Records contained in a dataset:

———

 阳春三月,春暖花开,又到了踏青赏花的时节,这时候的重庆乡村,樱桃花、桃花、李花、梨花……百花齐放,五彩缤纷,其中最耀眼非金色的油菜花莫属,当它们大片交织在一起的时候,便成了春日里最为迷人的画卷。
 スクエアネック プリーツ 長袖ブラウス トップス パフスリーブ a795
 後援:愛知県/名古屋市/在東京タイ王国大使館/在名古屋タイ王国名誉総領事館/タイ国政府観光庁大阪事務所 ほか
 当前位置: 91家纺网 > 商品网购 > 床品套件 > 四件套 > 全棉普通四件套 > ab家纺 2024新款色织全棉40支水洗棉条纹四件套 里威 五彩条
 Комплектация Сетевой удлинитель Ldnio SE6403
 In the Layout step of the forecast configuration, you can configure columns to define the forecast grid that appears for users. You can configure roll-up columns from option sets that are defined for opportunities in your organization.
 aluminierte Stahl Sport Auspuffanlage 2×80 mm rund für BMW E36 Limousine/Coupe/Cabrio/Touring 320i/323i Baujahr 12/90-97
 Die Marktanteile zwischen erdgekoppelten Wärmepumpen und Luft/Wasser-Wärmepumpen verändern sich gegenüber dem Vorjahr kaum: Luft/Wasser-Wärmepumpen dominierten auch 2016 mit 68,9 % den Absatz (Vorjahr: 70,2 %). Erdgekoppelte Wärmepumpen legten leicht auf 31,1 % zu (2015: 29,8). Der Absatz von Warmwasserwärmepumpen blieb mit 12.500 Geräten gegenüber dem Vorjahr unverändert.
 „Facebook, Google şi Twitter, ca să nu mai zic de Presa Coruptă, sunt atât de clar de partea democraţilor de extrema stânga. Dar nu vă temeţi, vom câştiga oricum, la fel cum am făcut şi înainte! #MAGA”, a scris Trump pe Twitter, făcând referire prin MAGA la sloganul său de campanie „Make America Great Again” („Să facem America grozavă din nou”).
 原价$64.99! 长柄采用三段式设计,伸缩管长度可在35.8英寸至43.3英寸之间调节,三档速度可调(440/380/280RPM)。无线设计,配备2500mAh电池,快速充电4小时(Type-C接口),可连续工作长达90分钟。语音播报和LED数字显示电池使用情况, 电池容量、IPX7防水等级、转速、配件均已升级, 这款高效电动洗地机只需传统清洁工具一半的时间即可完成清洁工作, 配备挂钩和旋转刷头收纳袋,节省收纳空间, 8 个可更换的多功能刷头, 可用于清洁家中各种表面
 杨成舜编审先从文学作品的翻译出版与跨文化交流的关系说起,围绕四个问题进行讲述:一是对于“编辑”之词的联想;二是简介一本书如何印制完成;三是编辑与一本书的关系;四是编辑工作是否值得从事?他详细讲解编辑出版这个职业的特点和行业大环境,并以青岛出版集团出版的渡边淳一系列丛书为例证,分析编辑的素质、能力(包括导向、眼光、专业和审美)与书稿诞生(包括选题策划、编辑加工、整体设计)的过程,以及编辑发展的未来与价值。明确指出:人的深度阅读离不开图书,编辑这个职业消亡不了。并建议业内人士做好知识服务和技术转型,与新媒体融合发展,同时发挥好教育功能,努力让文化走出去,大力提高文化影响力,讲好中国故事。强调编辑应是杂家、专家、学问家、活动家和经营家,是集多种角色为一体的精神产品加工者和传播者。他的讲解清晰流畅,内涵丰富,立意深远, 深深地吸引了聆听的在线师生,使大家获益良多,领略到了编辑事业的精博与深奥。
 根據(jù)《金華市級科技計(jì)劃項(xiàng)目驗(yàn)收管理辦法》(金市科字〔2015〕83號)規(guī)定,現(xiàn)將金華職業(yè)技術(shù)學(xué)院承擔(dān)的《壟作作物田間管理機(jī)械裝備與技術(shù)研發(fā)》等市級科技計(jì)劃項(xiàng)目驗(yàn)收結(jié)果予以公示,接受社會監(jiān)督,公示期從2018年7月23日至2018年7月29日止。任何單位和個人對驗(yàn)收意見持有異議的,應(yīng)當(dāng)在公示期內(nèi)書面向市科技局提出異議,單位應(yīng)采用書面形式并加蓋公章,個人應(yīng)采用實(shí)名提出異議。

———

* WHAT THE TASK ASKS: Return the entries above in full and exactly as written.

* ANSWER TO THIS PROBLEM:
 阳春三月,春暖花开,又到了踏青赏花的时节,这时候的重庆乡村,樱桃花、桃花、李花、梨花……百花齐放,五彩缤纷,其中最耀眼非金色的油菜花莫属,当它们大片交织在一起的时候,便成了春日里最为迷人的画卷。
 スクエアネック プリーツ 長袖ブラウス トップス パフスリーブ a795
 後援:愛知県/名古屋市/在東京タイ王国大使館/在名古屋タイ王国名誉総領事館/タイ国政府観光庁大阪事務所 ほか
 当前位置: 91家纺网 > 商品网购 > 床品套件 > 四件套 > 全棉普通四件套 > ab家纺 2024新款色织全棉40支水洗棉条纹四件套 里威 五彩条
 Комплектация Сетевой удлинитель Ldnio SE6403
 In the Layout step of the forecast configuration, you can configure columns to define the forecast grid that appears for users. You can configure roll-up columns from option sets that are defined for opportunities in your organization.
 aluminierte Stahl Sport Auspuffanlage 2×80 mm rund für BMW E36 Limousine/Coupe/Cabrio/Touring 320i/323i Baujahr 12/90-97
 Die Marktanteile zwischen erdgekoppelten Wärmepumpen und Luft/Wasser-Wärmepumpen verändern sich gegenüber dem Vorjahr kaum: Luft/Wasser-Wärmepumpen dominierten auch 2016 mit 68,9 % den Absatz (Vorjahr: 70,2 %). Erdgekoppelte Wärmepumpen legten leicht auf 31,1 % zu (2015: 29,8). Der Absatz von Warmwasserwärmepumpen blieb mit 12.500 Geräten gegenüber dem Vorjahr unverändert.
 „Facebook, Google şi Twitter, ca să nu mai zic de Presa Coruptă, sunt atât de clar de partea democraţilor de extrema stânga. Dar nu vă temeţi, vom câştiga oricum, la fel cum am făcut şi înainte! #MAGA”, a scris Trump pe Twitter, făcând referire prin MAGA la sloganul său de campanie „Make America Great Again” („Să facem America grozavă din nou”).
 原价$64.99! 长柄采用三段式设计,伸缩管长度可在35.8英寸至43.3英寸之间调节,三档速度可调(440/380/280RPM)。无线设计,配备2500mAh电池,快速充电4小时(Type-C接口),可连续工作长达90分钟。语音播报和LED数字显示电池使用情况, 电池容量、IPX7防水等级、转速、配件均已升级, 这款高效电动洗地机只需传统清洁工具一半的时间即可完成清洁工作, 配备挂钩和旋转刷头收纳袋,节省收纳空间, 8 个可更换的多功能刷头, 可用于清洁家中各种表面
 杨成舜编审先从文学作品的翻译出版与跨文化交流的关系说起,围绕四个问题进行讲述:一是对于“编辑”之词的联想;二是简介一本书如何印制完成;三是编辑与一本书的关系;四是编辑工作是否值得从事?他详细讲解编辑出版这个职业的特点和行业大环境,并以青岛出版集团出版的渡边淳一系列丛书为例证,分析编辑的素质、能力(包括导向、眼光、专业和审美)与书稿诞生(包括选题策划、编辑加工、整体设计)的过程,以及编辑发展的未来与价值。明确指出:人的深度阅读离不开图书,编辑这个职业消亡不了。并建议业内人士做好知识服务和技术转型,与新媒体融合发展,同时发挥好教育功能,努力让文化走出去,大力提高文化影响力,讲好中国故事。强调编辑应是杂家、专家、学问家、活动家和经营家,是集多种角色为一体的精神产品加工者和传播者。他的讲解清晰流畅,内涵丰富,立意深远, 深深地吸引了聆听的在线师生,使大家获益良多,领略到了编辑事业的精博与深奥。
 根據(jù)《金華市級科技計(jì)劃項(xiàng)目驗(yàn)收管理辦法》(金市科字〔2015〕83號)規(guī)定,現(xiàn)將金華職業(yè)技術(shù)學(xué)院承擔(dān)的《壟作作物田間管理機(jī)械裝備與技術(shù)研發(fā)》等市級科技計(jì)劃項(xiàng)目驗(yàn)收結(jié)果予以公示,接受社會監(jiān)督,公示期從2018年7月23日至2018年7月29日止。任何單位和個人對驗(yàn)收意見持有異議的,應(yīng)當(dāng)在公示期內(nèi)書面向市科技局提出異議,單位應(yīng)采用書面形式并加蓋公章,個人應(yīng)采用實(shí)名提出異議。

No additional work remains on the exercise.